一、介绍
本例子用Selenium +phantomjs爬取中文网站总排名(http://top.chinaz.com/all/index.html,http://top.chinaz.com/hangye/index.html)的信息
二、网站信息
三、数据抓取
针对上面的网站信息,来进行抓取
1、首先抓取信息列表
抓取代码:Elements = doc('li[class^="clearfix"]') 类似信息
2、网站名称,域名,网址
netElement = element.find('div[class="CentTxt"]').find('h3').find('a')
netName = netElement.attr('title').encode('utf8')
netUrl = 'http://top.chinaz.com' + netElement.attr('href').encode('utf8')

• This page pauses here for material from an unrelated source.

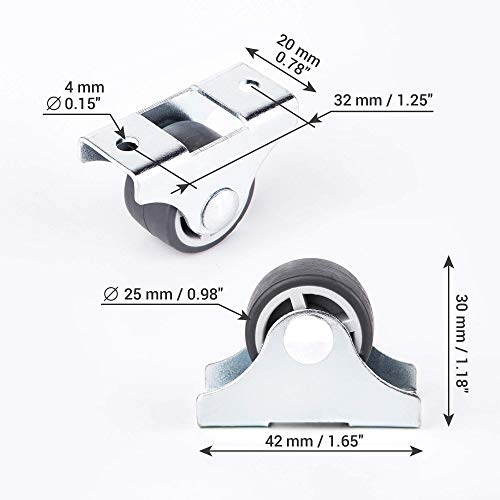 (Paquete de 8 psc) Ruedas pequeñas fijas de 25 mm Ruedas resistentes Ruedas no giratorias Ruedas de goma para carrito de mesa de muebles (8)

domainName = element.find('div[class="CentTxt"]').find('h3').find('span').text().encode('utf8')
3、Alexa周排名,反链数,网站描述
netinfo = element.find('div[class="RtCPart clearfix"]').text().encode('utf8')
4、排名,得分
netOrder = element.find('div[class="RtCRateCent"]').find('strong').text().encode('utf8')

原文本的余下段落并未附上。